ST. PETE BEACH — For the past month, when it rains or the winds blow, smelly, paper- and feces-laden sewage streams onto Gulf Boulevard near Gulf Winds Drive.
The immediate cause is the catastrophic failure of the two remaining working sewer system pumps at the city's Master Pump Station that happened in late October.
The chronic cause is the inability to provide enough continuous pumping power to offset water infiltration that is backing up the city's sewer system during heavy rains and high winds.
Portable pumps have failed several times, once because of vandalism.
Public works director Steve Hallock said Tuesday that he hopes the installation Friday of a new and secure portable pump will temporarily stop the sewage overflows.
A permanent fix at a cost of more than $500,000 is at least four months away.
Since Oct. 26, the sewage has spilled onto Gulf Boulevard at least four times, sometimes at a rate of hundreds of gallons. The last time the sewer system overflowed was Sunday, when about 50 gallons spilled onto the road.
Each time, sheriff's deputies blocked off the flooded portion of the road directly across from the Alden Suites resort while city workers fixed the problem and disinfected the street.
Meanwhile, residents of the nearby 282-unit Sylvette Condominiums at 6161 Gulf Winds Drive continue to endure the stench, street flooding and even sewage backups into toilets and bathtubs as high as the fourth floor.
"There is toilet paper, fecal matter in the streets, and the smell is atrocious," says Martin Ripans, interim manager and president of the condo association. "This is affecting our residents, who can smell it inside, especially on the ground floor."
Ripans says he is concerned that if the problem continues it will affect the city's tourism.
Another area resident, Jim Anderson, took pictures and sent them to the Florida Department of Environmental Protection.
The DEP sent investigators to the city last week to inspect the problem and is now demanding reports from the city each time there is a sewage overflow.
In an email to Anderson, DEP external affairs manager Ana Gibbs wrote that her agency can impose a "consent order" that would require the city to improve the sewer system.
"In all fairness to the city, the department must give the city an opportunity to provide information regarding the system and what is being done." Gibbs wrote, adding she anticipates future meetings with city officials.
The four failed pumps at the city's master pump station were installed in 2007 and should have lasted at least another decade, Hallock said.
The pumps at some of the city's other lift stations are not doing well either.
An engineering report prepared in August said that a number of pumps were "old technology," in "poor condition" and "fail two to three times a week from burnout and clogging."
At the time of purchase, the master station pumps met standard design specifications, but apparently that design was flawed, and the pumps — or their parts — are no longer available, Hallock said.

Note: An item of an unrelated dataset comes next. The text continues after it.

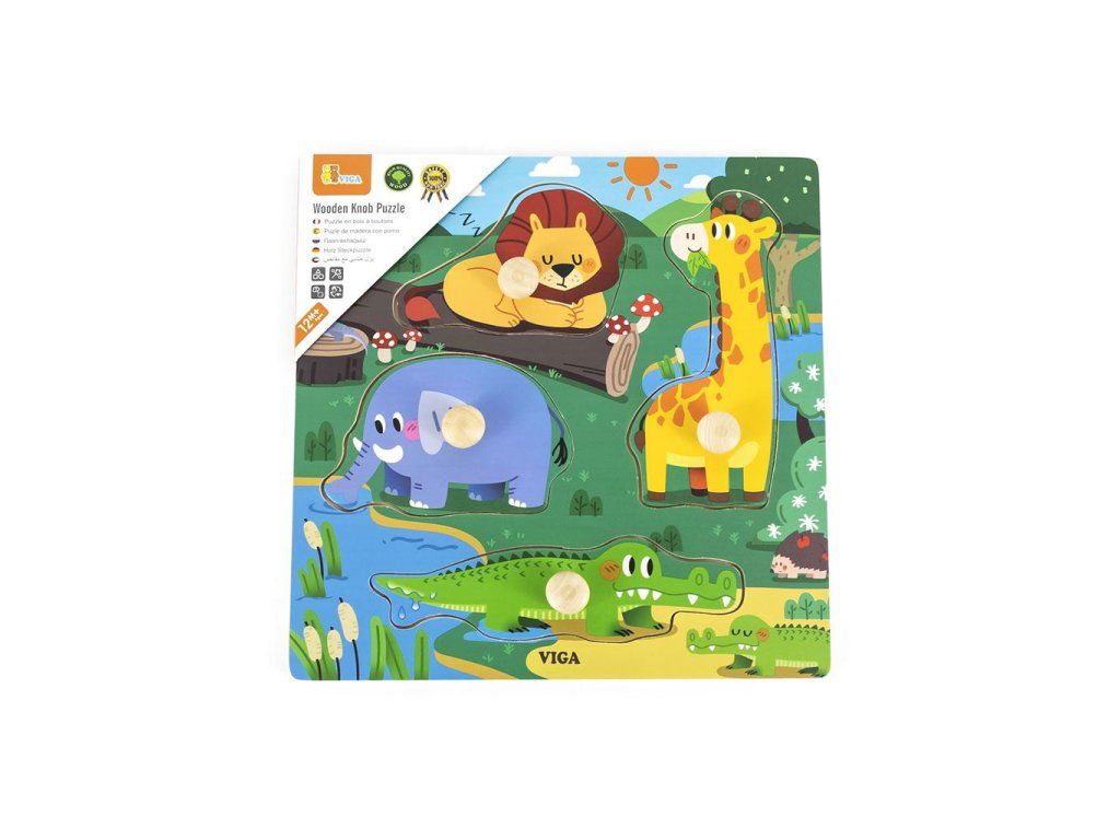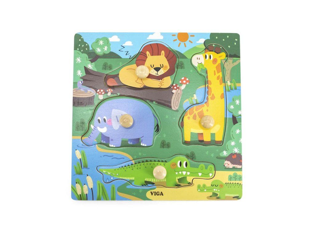 Detské drevené puzzle s úchytmi Viga Divoké zvieratá 4 ks - 52031

Last week, the City Commission authorized more than $500,000 in emergency spending to install portable pumps and to buy and engineer new permanent pumps at two pumping stations.
"I thought I could be frugal and get a few more years out of (the pumps). Our timing was off by about six months," Hallock told the commission.
Over the next year, the city plans to replace these and additional pumps at a cost of $2.65 million, as well as begin to address water infiltration.
Further improvements to the sewer system could cost $1 million a year, Hallock said.
Anderson, who is suing the city in an attempt to block implementation of the comprehensive plan, said the sewage spills are evidence that the city's infrastructure is not adequate to handle major redevelopment.
Hallock, though, said the system is operating at 50 percent of capacity. Once water infiltration is blocked, the system should last another 50 years, he said.
The city's 38.7-mile-long sewer system includes a master pump station and 16 smaller pumping stations to handle the sewage produced by up to 20,000 residents and tourists at the peak of the season.
A good portion of the system was installed in the 1950s, when the city was actually four separate cities that joined in 1957.